▸ **WHAT THE TASK ASKS**: Exact copies of the lines from the start of the records through the line with "Item Description Title: Carl" are what the answer must hold; pictures are not part of it.

(Beginning of RECORDS TO USE)

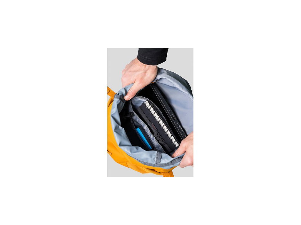 V hlavním prostoru najdete polstrovanou přihrádku na notebook, kterou lze obsluhovat i přes boční vstup z vnějšku batohu. Batoh je vyroben z recyklovaného polyesteru (na výrobu jednoho kusu bylo zrecyklováno 11ks PET lahví o objemu 0,5l). Při výrobě tohoto produktu došlo tedy k významné úspoře energie a redukci uhlíkové stopy.
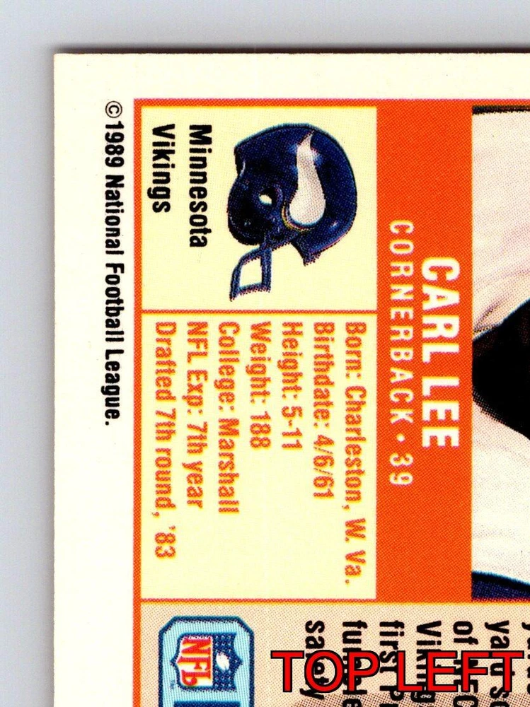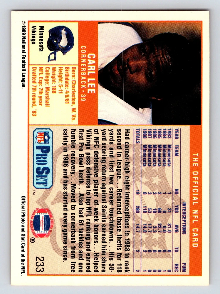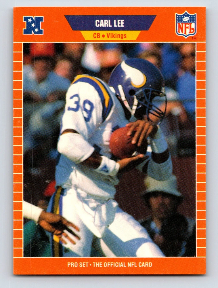 Item Description Title: Carl Lee Cornerback Minnesota Vikings NFL Pro Set 1989 Card 233 Memorabilia Description: This sports trading card features Carl Lee; a skilled cornerback known for his exceptional performance with the Minnesota Vikings. As part of the 1989 NFL Pro Set; this card exemplifies the classic design and detailed photography associated with this series. Carl Lee; wearing his Vikings uniform; is shown in action; reflecting his agility and defensive prowess in the game. Born in Charleston; West Virginia; and drafted in the 7th round in 1983; Lee quickly made a name for himself on the field. By 1986; he had reached impressive heights; ranking among the top defenders with significant interceptions and contributions to the Vikings' playoff berths. This card provides collectors and football enthusiasts a glimpse into Lee's impactful NFL career and his vital role in the Vikings' defensive line during the late 1980s. MRSP: $2.99 Sport: Football Player/Athlete: Carl Lee Season: 1989 Manufacturer: Pro Set Parallel/Variety: Unknown Set: Pro Set 1989 Team: Minnesota Vikings League: National Football League (NFL) Card Number: 233 Counter: 108 Folder: FOOTBALL1224A02
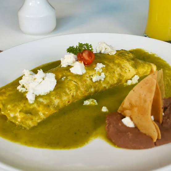 delicioso burrito de huevo con una base de frijoles, arroz, guacamole y queso oaxaca
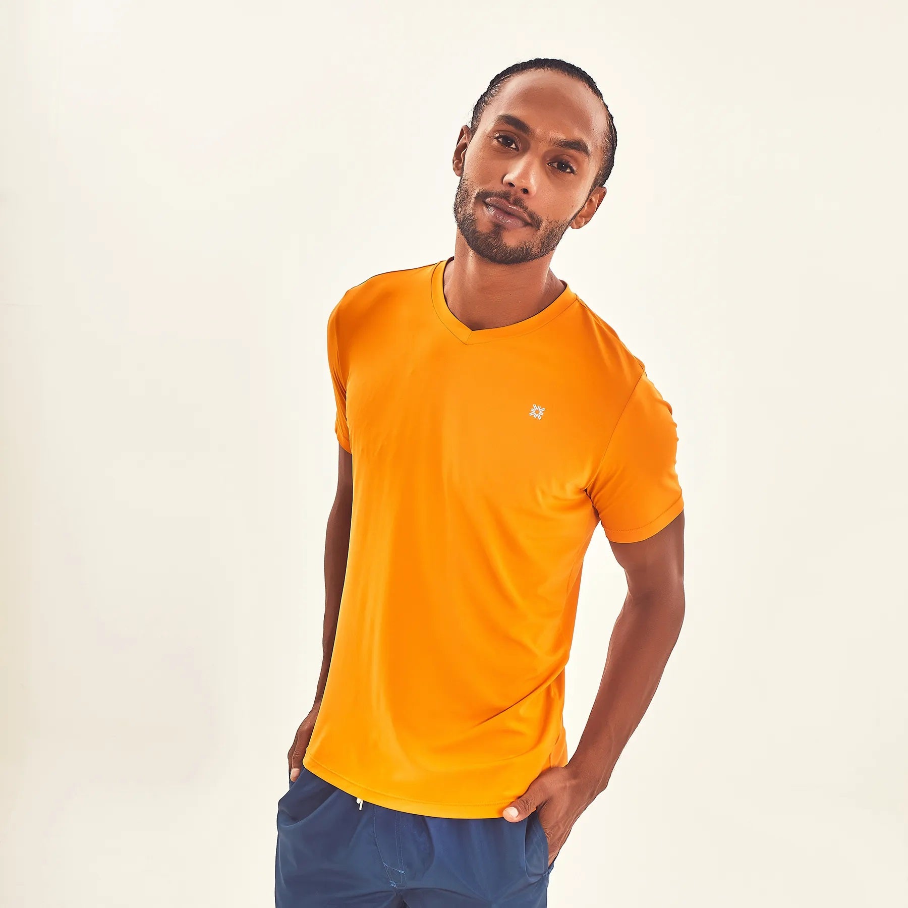 • Load image into Gallery viewer, Model Front: Uv Line T-Shirt Pour Homme T-Shirt Sport Fit Orange Upf50+
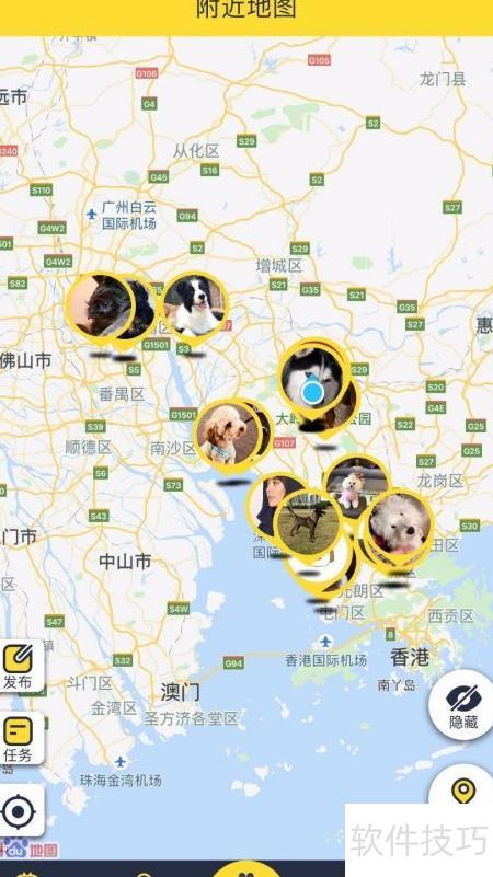 6、 该定位器应用支持发布寻宠信息,发布后蓝灯闪烁并启动追踪模式。界面简洁,功能丰富,还可结识附近狗友,分享宠物照片与视频,方便实用。
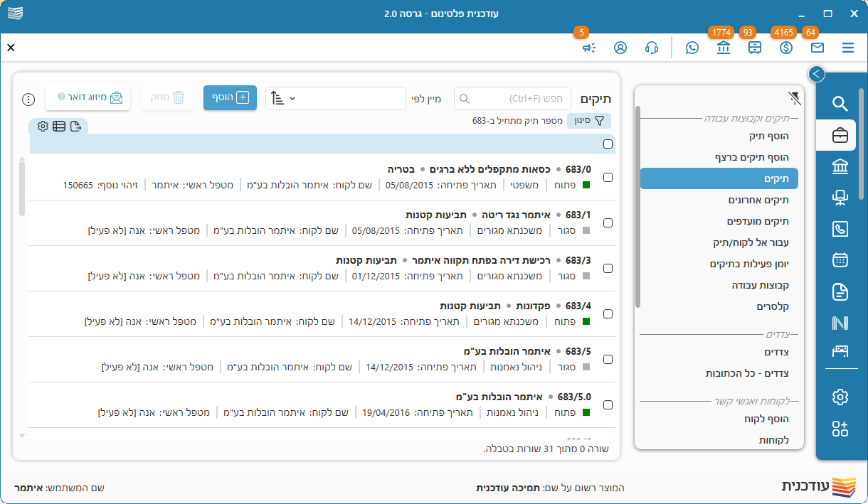 על מנת שהשינויים שבוצעו יכנסו לתוקף, יש לצאת מהתוכנה ולהיכנס מחדש.
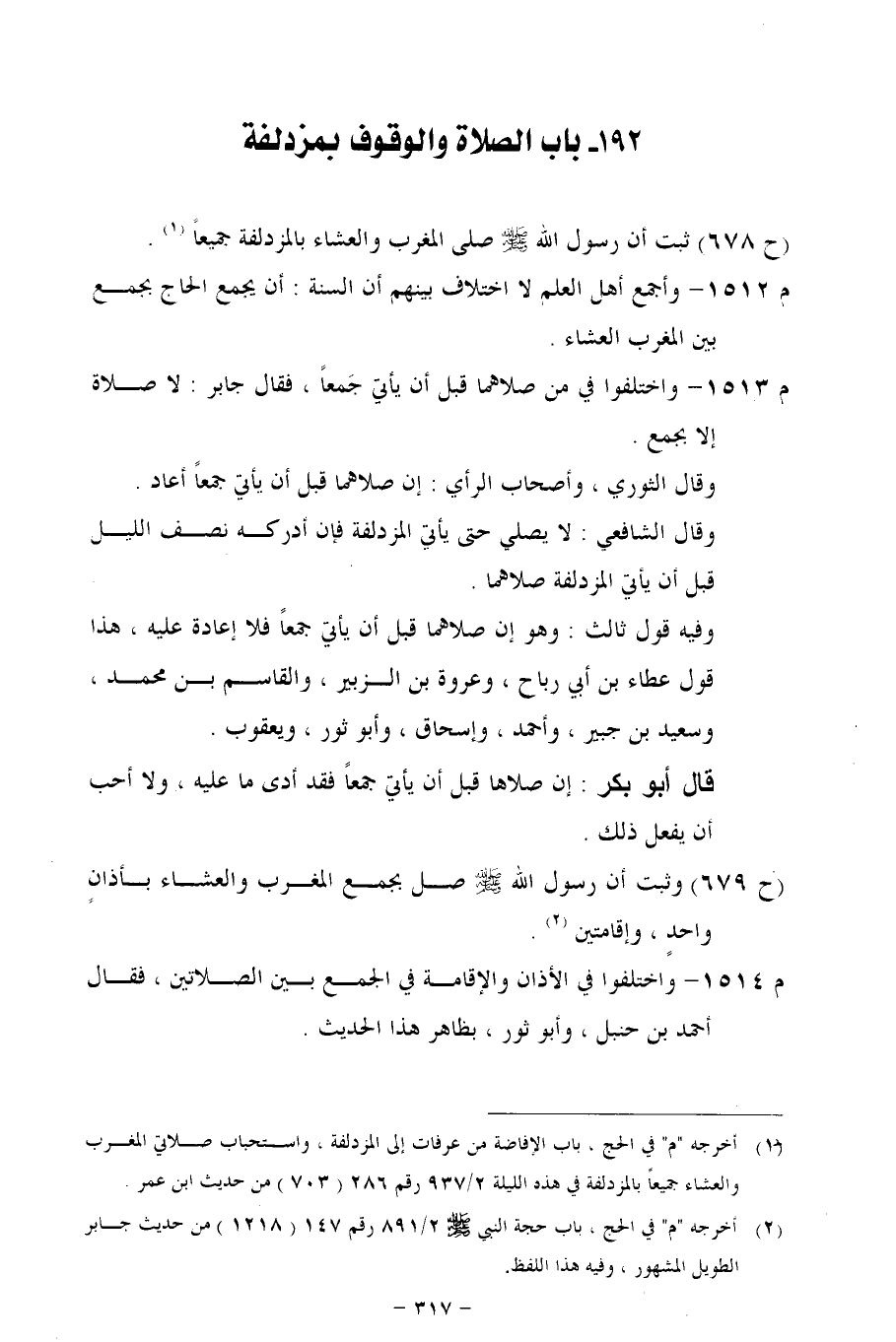 م 1512 - وأجمع أهل العلم لا اختلاف بينهم أن السنة: أن يجمع الحاج بجمع بين المغرب العشاء.

(End of RECORDS TO USE)

▸ **REPLY**:
 V hlavním prostoru najdete polstrovanou přihrádku na notebook, kterou lze obsluhovat i přes boční vstup z vnějšku batohu. Batoh je vyroben z recyklovaného polyesteru (na výrobu jednoho kusu bylo zrecyklováno 11ks PET lahví o objemu 0,5l). Při výrobě tohoto produktu došlo tedy k významné úspoře energie a redukci uhlíkové stopy.
 Item Description Title: Carl Lee Cornerback Minnesota Vikings NFL Pro Set 1989 Card 233 Memorabilia Description: This sports trading card features Carl Lee; a skilled cornerback known for his exceptional performance with the Minnesota Vikings. As part of the 1989 NFL Pro Set; this card exemplifies the classic design and detailed photography associated with this series. Carl Lee; wearing his Vikings uniform; is shown in action; reflecting his agility and defensive prowess in the game. Born in Charleston; West Virginia; and drafted in the 7th round in 1983; Lee quickly made a name for himself on the field. By 1986; he had reached impressive heights; ranking among the top defenders with significant interceptions and contributions to the Vikings' playoff berths. This card provides collectors and football enthusiasts a glimpse into Lee's impactful NFL career and his vital role in the Vikings' defensive line during the late 1980s. MRSP: $2.99 Sport: Football Player/Athlete: Carl Lee Season: 1989 Manufacturer: Pro Set Parallel/Variety: Unknown Set: Pro Set 1989 Team: Minnesota Vikings League: National Football League (NFL) Card Number: 233 Counter: 108 Folder: FOOTBALL1224A02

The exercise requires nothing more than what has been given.